Dá pra falar de coisa séria com humor

A revista mensal Serafina, da Folha, tem uma seção chamada Vintage, na última página, que coloca uma personalidade (das artes, política, arquitetura etc) para comparar como pensava há alguns anos ou décadas a como pensa hoje.

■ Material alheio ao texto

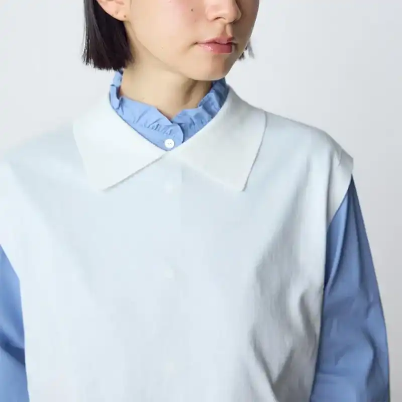 コンパクトなサイズ感のニットベストで、1枚着としてはもちろん、シャツやTシャツとのレイヤードにもお使いいただけます。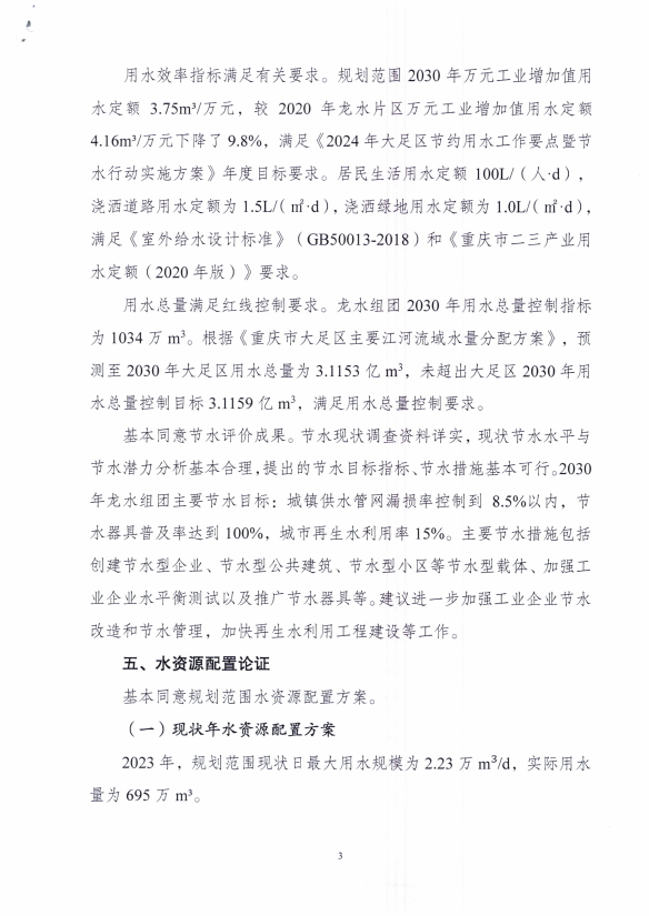基本同意《报告》主要内容。规划水平年为2030年;2030年工业园区需水量1034万m³,小于大足区2030年用水总量控制指标31159万m³,小于大足区濑溪河上游片区水资源五级区用水总量控制指标8635万m³,基本符合用水总量指标管控要求;2030年万元工业增加值用水量控制在3.75m³/万元,城镇供水管网漏损率控制在8.5%以内,基本符合节水目标管控要求;2030年工业园区供水水厂为双路镇水厂,水源为玉滩水库、十里沟水库以及渝西水资源配置工程,其中玉滩水库供水716万m3,十里沟水库供水38万m3,渝西水资源配置工程供水210万m3,再生水供应70万m3。水资源配置方案基本合理。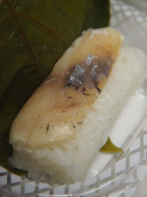 酢飯に、薄くスライスした魚介を重ね、重石を乗せて発酵・熟成させ、一口サイズにして柿の葉で包んでいる。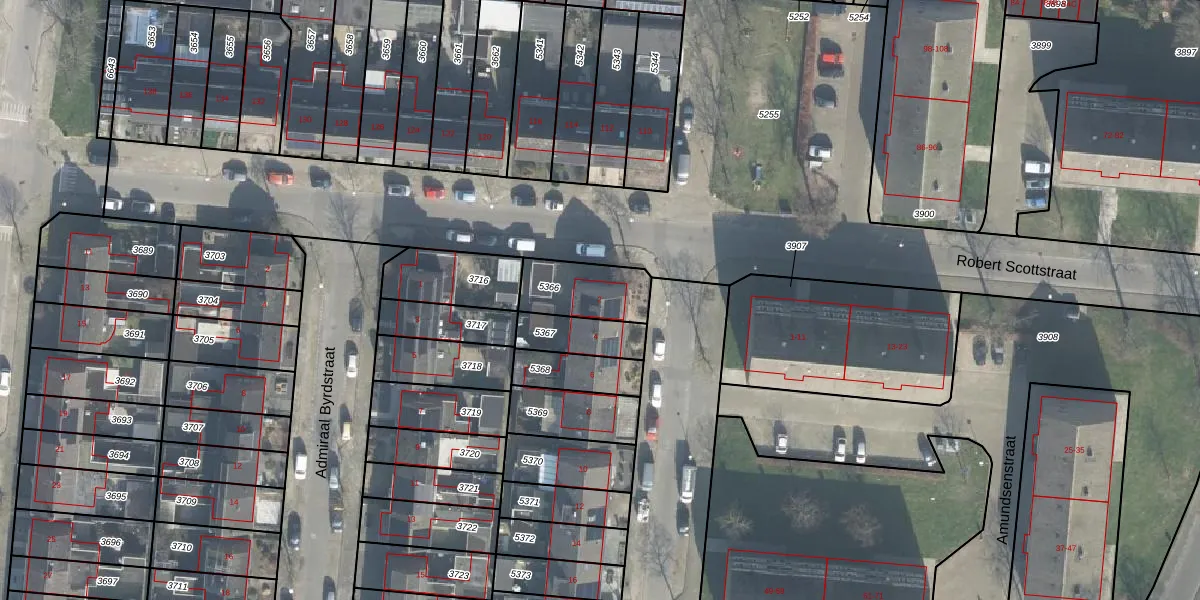 Gebruik de zoekbalk of klik op een perceel voor informatie over de adressen binnen dit perceel.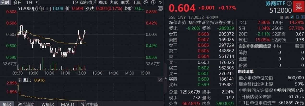9月16日,大盘短暂冲高后回落震荡,“旗手”早盘随市回调,后企稳向上,午后成功翻红元富证券,300亿顶流券商ETF(512000)场内价格现涨0.17%,早盘一度下跌0.83%,实时成交额超7亿元,交投活跃。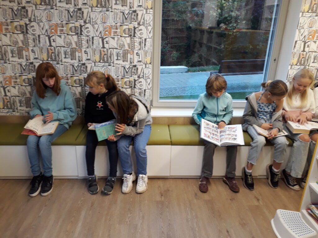 Každý týden ve středu máme v rámci českého jazyka čtenářskou dílnu. Nosíme si vlastní knihu, čteme si z ní a sdílíme zážitky z četby s ostatními. Kdo si knihu zapomene, může si ji vypůjčit z naší třídní knihovničky. Přečtenou knihu prezentujeme ostatním, při prezentaci nám pomáhají čtenářské kostky. Do literárního sešitu si zapisujeme seznam přečtených knih. Učíme se o knihách mluvit, zaměřujeme se na děj, postavu a prostředí. Čtení knih nám také pomáhá při psaní příběhů v dílně psaní. Nedávno jsme měli jako hosta ve čtenářské dílně naši školní knihovnici paní Petru Mierzwovou.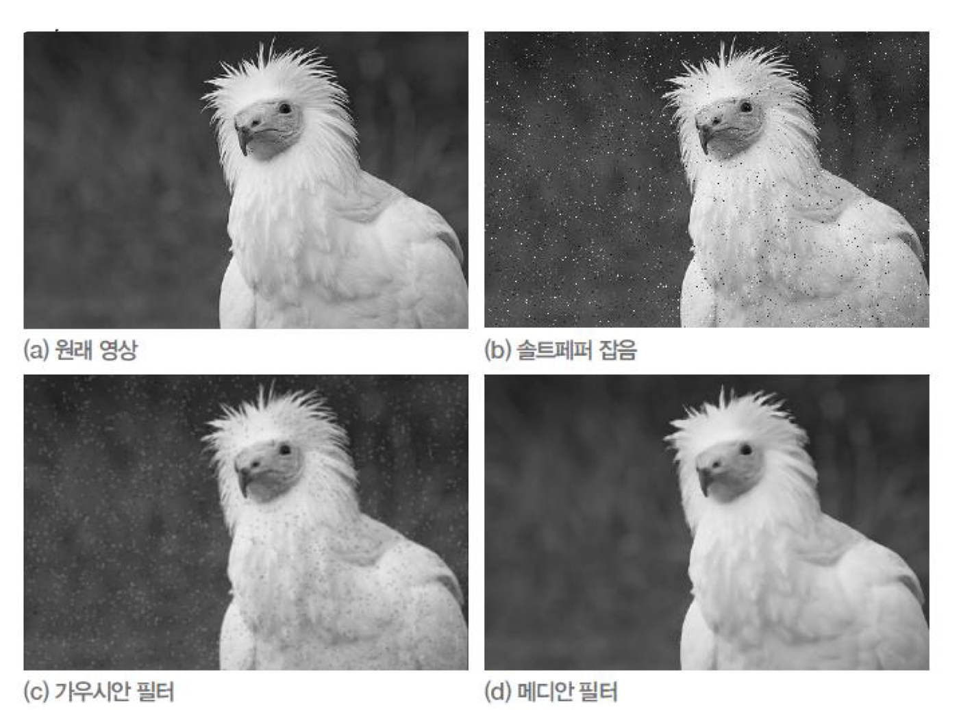 - 솔트페퍼 잡음(Salt&Pepper Noise)에 효과적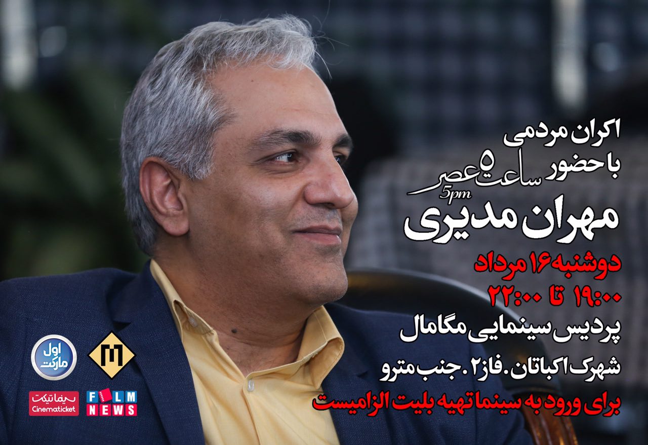 اكران مردمى ساعت پنج عصر با حضور #مهران_مديرى دوشنبه ١۶ مرداد براى سانس هاى ساعت ١٩:٠٠ تا ٢٢:٠٠ در پرديس سينمايى مگامال

Geralmente é bem fraco, mas a da edição de fevereiro, com Hélio de la Peña, do extinto Casseta&Planeta, teve trechos muito bons. Por exemplo:

Alagamento:

  • 1992 – acontecia todo verão
  • 2011 – acontece todo verão

Preconceito:

  • 1992 – me atingia
  • 2011 – me deixa puto

Ser pai:

  • 1992 – era ser brother
  • 2011 – é saber a hora de ser brother e a hora de ser mala

Eu tinha vergonha de:

  • 1992 – ser preto e pobre
  • 2011 – (tenho vergonha de) ter tido vergonha de ser preto e pobre

Essencial:

  • 1992 – era conseguir pagar as contas e comer alguém
  • 2011 – é ter saúde e humor. Sempre

O que mais me chamou a atenção foi quando ele falou do preconceito. Quando ele era desconhecido, ou estava começando a se fazer conhecer, o preconceito o atingia. Agora, só por ser famoso, não o atinge mais, mas ainda existe, e o deixa puto. Antes, quando ele tinha que se preocupar com as contas para pagar (e as mulheres para comer), ele tinha vergonha da condição de “preto e pobre”. Ou seja, não apenas era vítima do preconceito da sociedade como do próprio preconceito. Hoje, por se ver livre do racismo, pensa com vergonha que, em vez de lutar contra o racismo, ou se emputecer com ele, acabava, ele próprio, reincidindo no racismo, abaixando a cabeça, de vergonha, por ser “preto e pobre”.

Hélio de la Peña conseguiu dizer muito sobre nossa sociedade, com reflexões bem sérias (junto a outras mais bem humoradas, que estão lá na revista), mesmo num espaço curto de brincadeira dessa Vintage. Prova de que é possível lidar com a realidade sendo humorista e bem-humorado.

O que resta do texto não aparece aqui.